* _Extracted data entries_
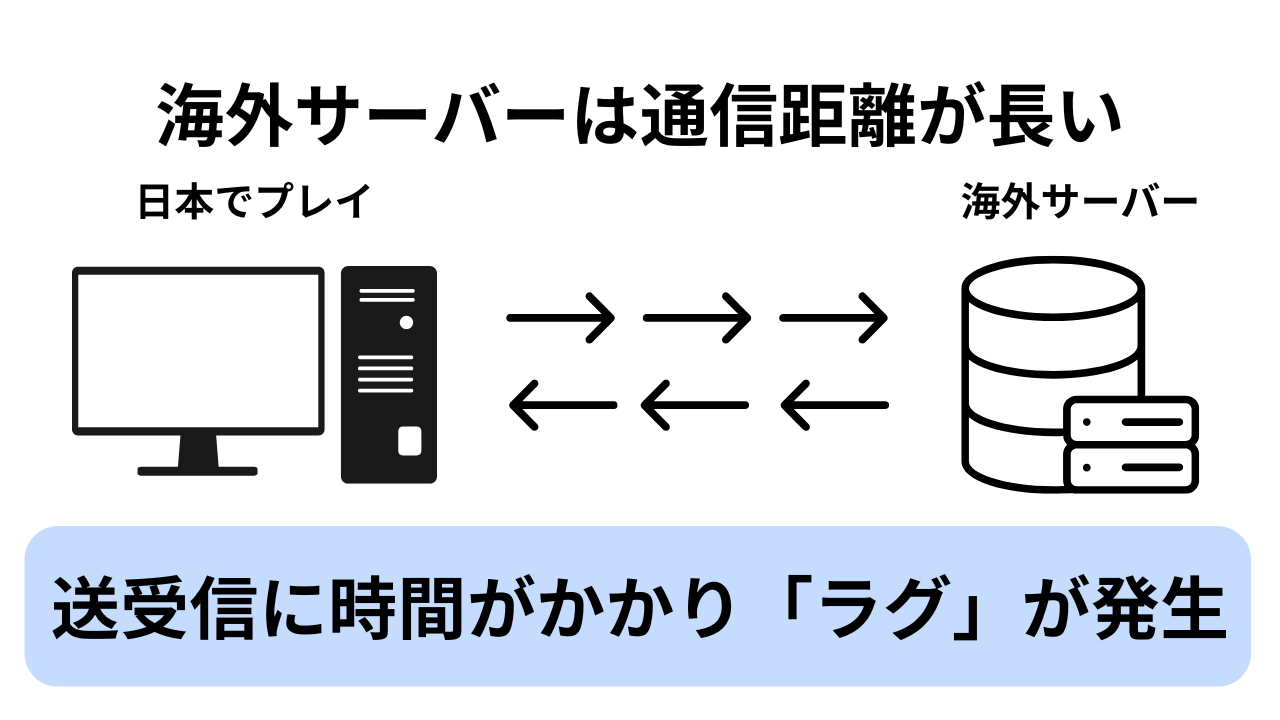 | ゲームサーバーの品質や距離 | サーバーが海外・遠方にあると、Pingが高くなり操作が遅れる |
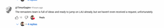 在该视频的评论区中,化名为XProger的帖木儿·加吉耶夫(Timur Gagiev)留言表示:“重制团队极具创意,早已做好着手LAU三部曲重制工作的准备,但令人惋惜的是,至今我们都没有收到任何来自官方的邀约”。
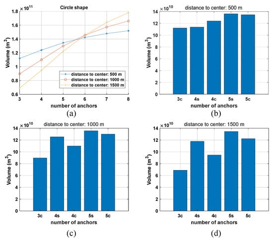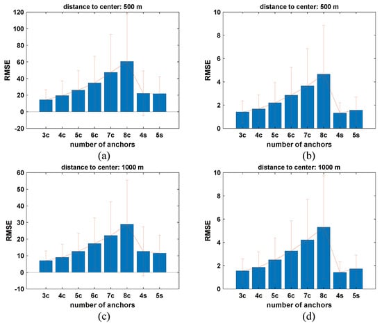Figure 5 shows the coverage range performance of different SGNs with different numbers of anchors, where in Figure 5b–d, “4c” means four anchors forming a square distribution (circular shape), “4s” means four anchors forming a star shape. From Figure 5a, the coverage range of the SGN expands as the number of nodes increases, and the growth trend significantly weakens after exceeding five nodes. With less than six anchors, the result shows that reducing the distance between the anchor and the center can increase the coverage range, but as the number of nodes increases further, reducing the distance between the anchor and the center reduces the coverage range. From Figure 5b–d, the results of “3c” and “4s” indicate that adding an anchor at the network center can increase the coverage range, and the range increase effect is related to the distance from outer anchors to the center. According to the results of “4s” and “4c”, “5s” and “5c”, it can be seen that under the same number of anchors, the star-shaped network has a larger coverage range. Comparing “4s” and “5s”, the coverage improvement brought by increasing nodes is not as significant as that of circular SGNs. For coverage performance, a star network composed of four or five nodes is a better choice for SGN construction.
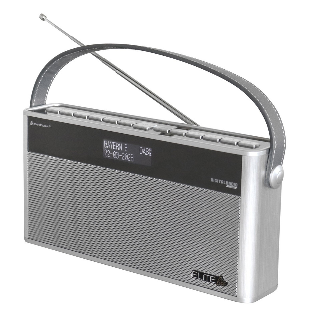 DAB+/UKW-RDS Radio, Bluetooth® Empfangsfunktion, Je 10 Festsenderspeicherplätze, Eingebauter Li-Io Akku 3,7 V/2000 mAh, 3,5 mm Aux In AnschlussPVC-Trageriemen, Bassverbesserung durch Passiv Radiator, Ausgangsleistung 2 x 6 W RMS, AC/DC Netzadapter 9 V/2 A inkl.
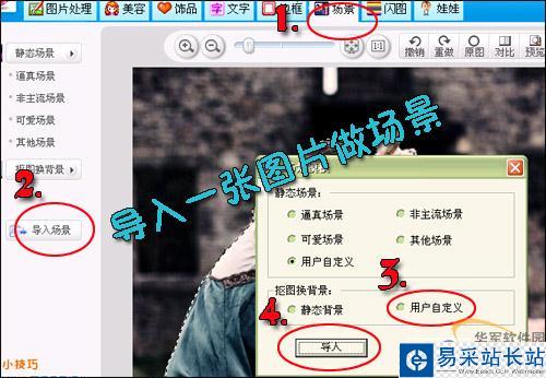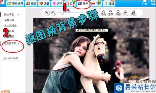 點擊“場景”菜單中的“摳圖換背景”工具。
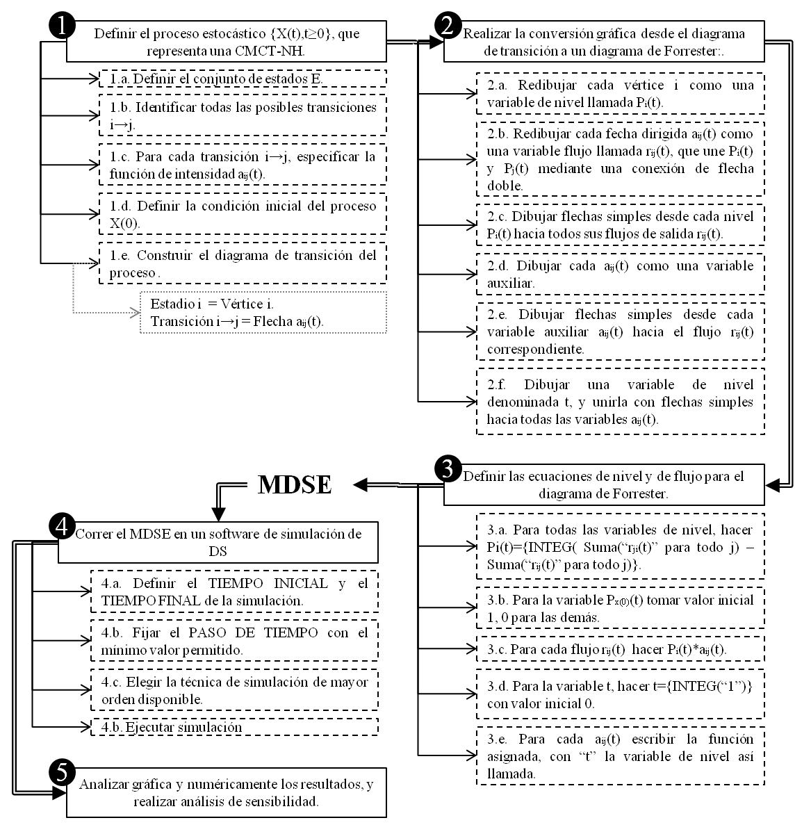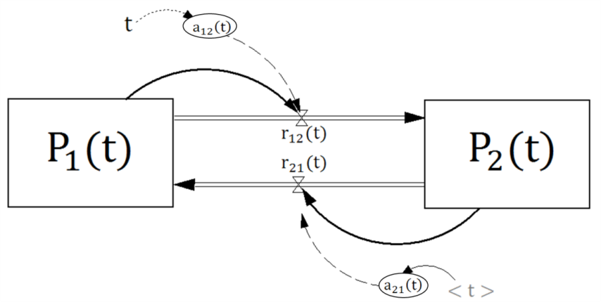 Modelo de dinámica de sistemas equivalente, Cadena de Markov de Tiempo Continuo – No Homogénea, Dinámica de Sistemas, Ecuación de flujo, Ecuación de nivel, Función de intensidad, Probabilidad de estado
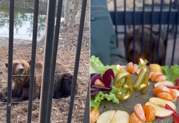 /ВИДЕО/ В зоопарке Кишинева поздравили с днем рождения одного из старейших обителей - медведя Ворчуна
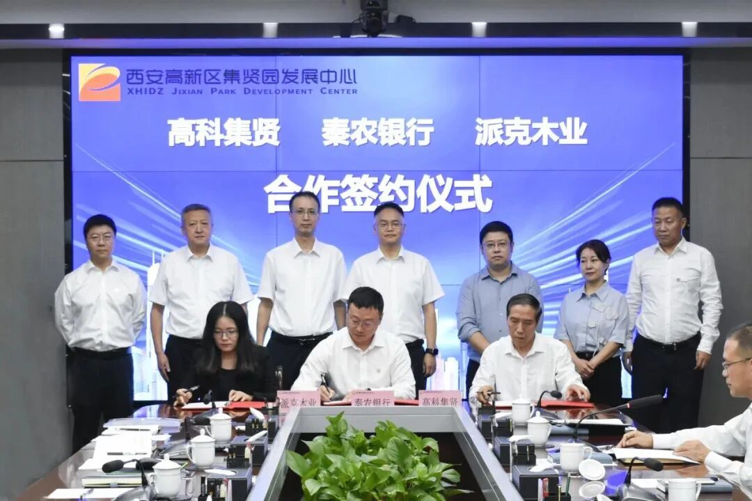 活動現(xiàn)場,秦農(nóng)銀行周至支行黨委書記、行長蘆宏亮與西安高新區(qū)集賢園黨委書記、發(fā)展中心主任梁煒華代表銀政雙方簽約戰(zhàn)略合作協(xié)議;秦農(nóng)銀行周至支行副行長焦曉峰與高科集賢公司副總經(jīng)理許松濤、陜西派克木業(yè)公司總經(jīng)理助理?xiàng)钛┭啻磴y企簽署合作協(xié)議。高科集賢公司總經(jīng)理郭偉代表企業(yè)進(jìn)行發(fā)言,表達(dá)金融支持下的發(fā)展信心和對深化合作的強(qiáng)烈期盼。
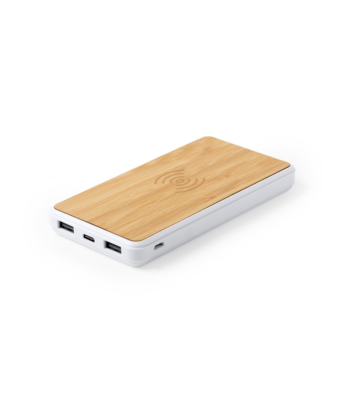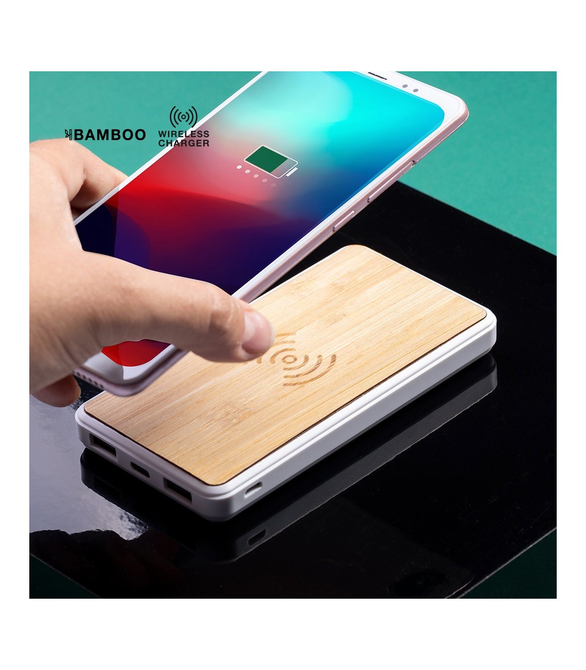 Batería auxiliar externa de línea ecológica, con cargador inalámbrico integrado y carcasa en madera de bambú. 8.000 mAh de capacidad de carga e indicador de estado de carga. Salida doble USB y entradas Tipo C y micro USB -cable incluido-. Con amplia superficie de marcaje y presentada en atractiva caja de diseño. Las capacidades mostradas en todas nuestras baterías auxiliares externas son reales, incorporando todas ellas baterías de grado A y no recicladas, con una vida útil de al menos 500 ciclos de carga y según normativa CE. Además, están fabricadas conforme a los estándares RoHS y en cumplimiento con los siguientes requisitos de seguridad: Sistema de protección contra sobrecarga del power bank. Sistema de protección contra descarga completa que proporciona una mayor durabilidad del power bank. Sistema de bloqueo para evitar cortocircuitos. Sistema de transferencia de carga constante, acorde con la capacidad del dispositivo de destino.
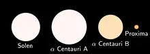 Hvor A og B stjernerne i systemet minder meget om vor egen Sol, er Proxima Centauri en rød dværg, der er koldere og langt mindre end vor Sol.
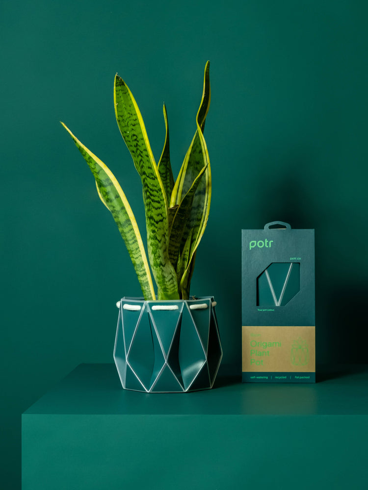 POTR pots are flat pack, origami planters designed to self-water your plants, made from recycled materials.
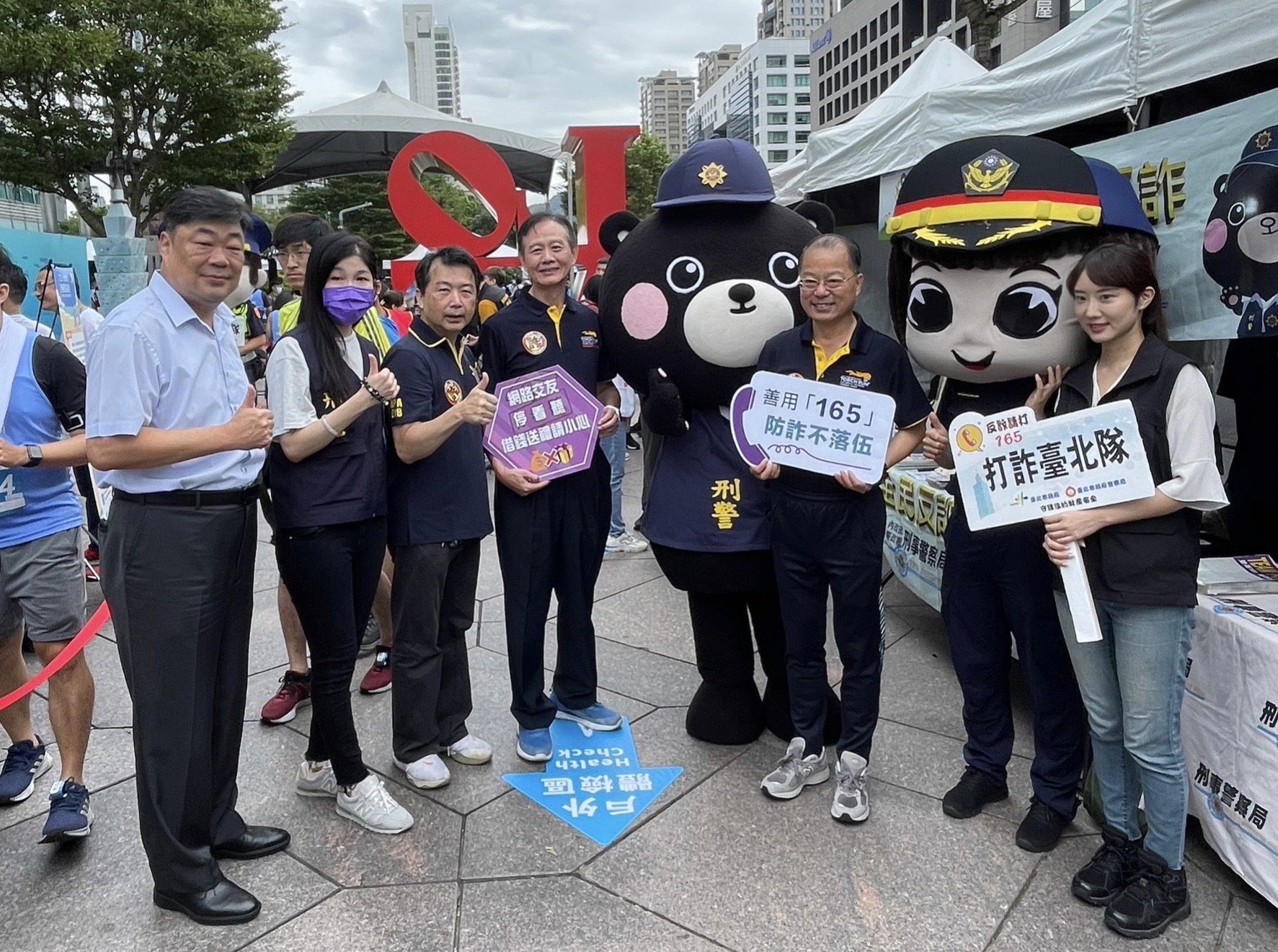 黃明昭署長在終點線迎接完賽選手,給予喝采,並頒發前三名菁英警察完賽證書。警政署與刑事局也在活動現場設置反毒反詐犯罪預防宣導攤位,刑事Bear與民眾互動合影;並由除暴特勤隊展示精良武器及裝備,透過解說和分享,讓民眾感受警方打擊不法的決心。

* _ABOUT THIS TASK_
Exactly restate the lines from the beginning of the data through the line with "在该视频的评论区中,化名为X", and no others, keeping pictures out.

* _ANSWER TO THIS EXERCISE_
 | ゲームサーバーの品質や距離 | サーバーが海外・遠方にあると、Pingが高くなり操作が遅れる |
 在该视频的评论区中,化名为XProger的帖木儿·加吉耶夫(Timur Gagiev)留言表示:“重制团队极具创意,早已做好着手LAU三部曲重制工作的准备,但令人惋惜的是,至今我们都没有收到任何来自官方的邀约”。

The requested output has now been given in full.